Choomba, the fourth oldest gorilla in the world, was euthanized at Zoo Atlanta at the age of 59

The world’s oldest gorilla was euthanized at Zoo Atlanta.

Photo: Alexas_Photos / Pixabay

Choomba, the fourth oldest gorilla in the world, and who lived at Zoo Atlanta, she was euthanized at the age of 59 due to his deteriorating state of health.

According to the zoo statement, the gorilla suffered from advanced arthritis and other age-related conditions that diminished his quality of life days before his death.

“Our animal care and veterinary teams have been closely monitoring Choomba in recent days following a marked decline in her physical condition due to the advanced arthritis and other age-related complications. Given his poor prognosis and out of concern for his comfort and quality of life, the teams made the difficult decision to euthanize him today,” Zoo Atlanta said in a statement Thursday.

She was the second oldest gorilla in the zoo. and the fourth oldest in the world.

This is an extremely difficult day for Zoo Atlanta. and most particularly to the Choomba care team, who knew her intimately and watched and cared for her daily with the utmost dedication,” said Jennifer Mickelberg, Vice President of Collections and Conservation.

Choomba is considered one of the founding gorillas at Zoo Atlanta, where she arrived in 1988, and was the mother of Machi, Kudzoo and Sukari. He also left behind grandchildren, great-grandchildren and great-great-grandchildren who live in accredited zoos in the US, according to the release.

Associate Primate Caregiver Jodi Carrigan noted that Choomba was “bold”, “strong”, “independent”, “fiercely loyal to her family”. And she added that she will be greatly missed.

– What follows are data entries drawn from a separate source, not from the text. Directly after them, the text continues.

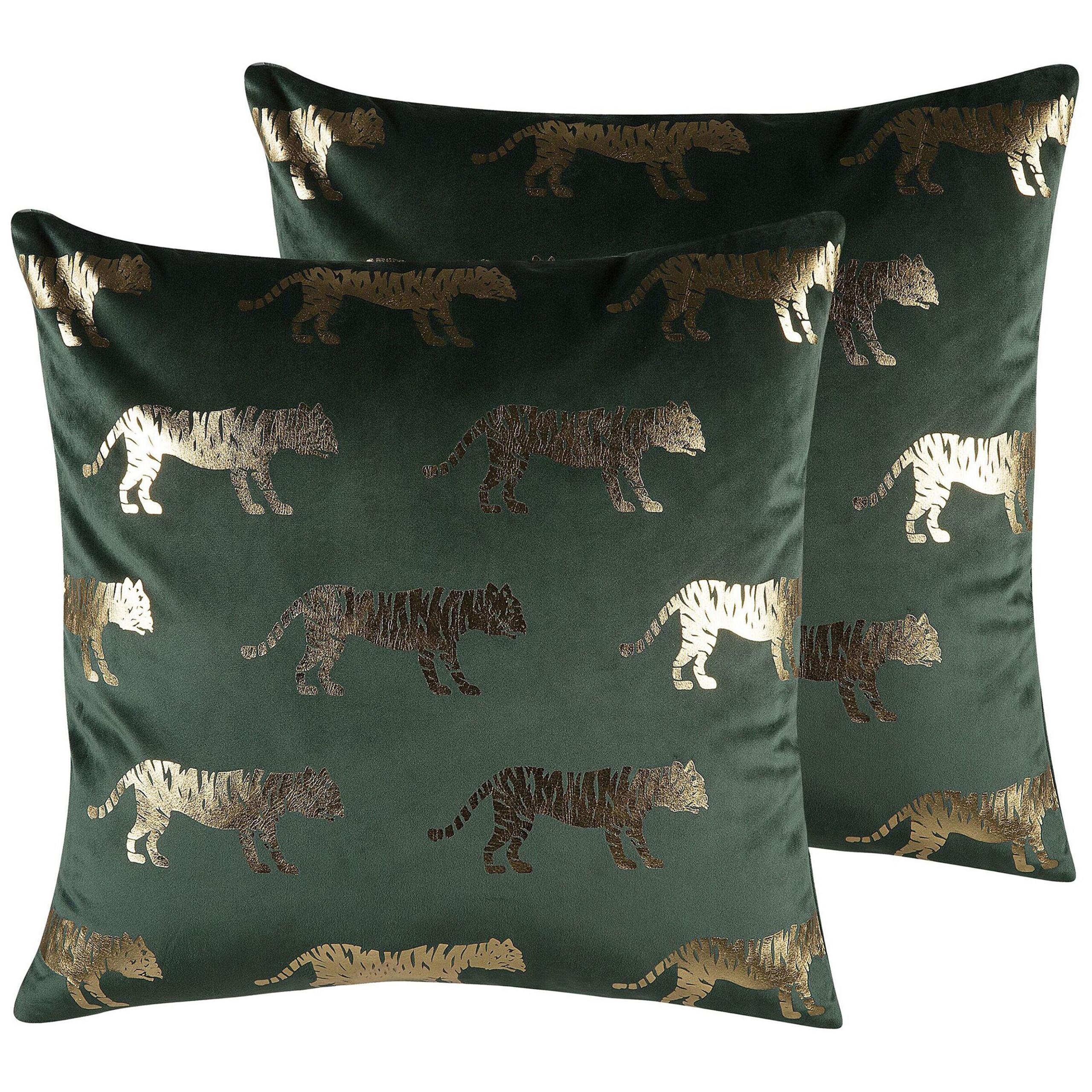 2 coussins décoratifs en velours vert avec motif tigre doré 45 x 45 cm. Apportez une touche de modernité à votre intérieur ! Ce lot de 2 coussins décoratifs en velours vert au motif de tigre doré ajoutera une touche exotique à votre salon ou chambre. Les housses de ces coussins déco sont amovibles, donc si vous désirez changer d'ambiance, il vous suffira juste de retirer les housses et d'enfiler des nouvelles taies.
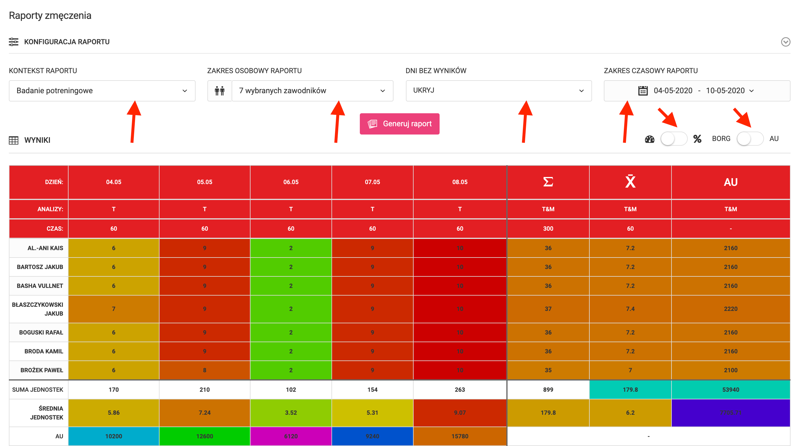 También está disponible en el sistema un informe resumen que muestra una amplia gama de datos con análisis. Encima de la tabla del informe, hay un configurador disponible. Al igual que en el caso de los informes detallados, puedes elegir qué tipo de estudios deben aparecer en la tabla. Puedes seleccionar qué jugadores se incluirán en el informe, marcar el rango de tiempo del informe y también ocultar los días sin mediciones. En el lado derecho, encima de la tabla, tienes dos controles deslizantes que afectan la forma en que se presentan los datos. El primero es responsable de cambiar la forma en que se calculan los resultados: puedes elegir un valor numérico o porcentual. En el segundo control deslizante, determinas si los datos se presentarán como un valor de escala o como unidades de fatiga calculadas (AU). Recuerda confirmar cada cambio en la configuración del informe y análisis con el botón rosa "generar informe". La tabla en sí contiene varios tipos de datos. En las columnas con las fechas en los encabezados, tienes los datos sobre los resultados específicos ingresados por el jugador. Las columnas pueden referirse a pruebas diarias, post-entrenamiento y post-partido. Las columnas detrás de la línea más gruesa y oscura se refieren al total, promedio y unidades de fatiga (AU) de los jugadores durante el período de tiempo seleccionado. En las líneas debajo de la línea más gruesa y oscura, tenemos resúmenes de los resultados de cada prueba para todo el equipo. Los colores utilizados en la tabla corresponden a los colores que los jugadores tienen que elegir al completar la encuesta. Verde - fatiga ligera, rojo oscuro - fatiga máxima.
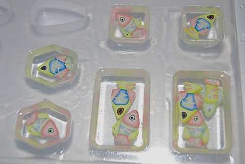 Для заливки в формочки эпоксидка смешивается строго по инструкции, при желании добавляются красители и др. На дно смазанной (или не смазанной, если это силиконовая) формочки наливается слой эпоксидки 3-5мм. Можно сразу кинуть в формочку уже испеченые заготовки из пластики и/или бумаги и другие твердые добавки (рис, бисер, бульонки, глиттер), но если они будут очень тяжелые, они могут осесть слишком близко ко дну и торчать из застывшего изделия выше эпоксидки. Так что лучше дать первому слою эпоксидки застыть — оставьте ее на час-два. И потом, когда первый слой уже начнет застывать, или застынет совсем, смешайте вторую порцию эпоксидки и уже добавляйте декор вместе с ней. Я, например, добавляла нарезанные и запеченые кусочки колбас и маленькие фигурки из пластики. Но можно добавлять почти все, что в голову придет;) Добавляя твердые элементы декора следите за тем, чтобы они были целиком обмазаны еще незастывшей эпоксидкой — чтобы не образовывались пузырьки и воздушные карманы. Работать с уже смешанной эпоксидкой лучше поторапливаясь, максимум 15-30 минут, поскольку некоторые виды смолы застывают очень быстро. Залив второй слой эпоксидки, уже с декором, оставьте ее застывать окончательно. При желании можно добавить и третий, и четвертый слои.

As gorillas are considered geriatric after the age of 40, in recent years, Choomba had been living in a social group with Ozzie, who at 61 is the world’s oldest living gorilla; his daughter Machi, 45 years old; and Kuchi, 37 years old.

Choomba leaves a tremendous legacy at Zoo Atlanta, in the zoological gorilla population in North America, and in the hearts of those who knew them best,” added Mickelberg.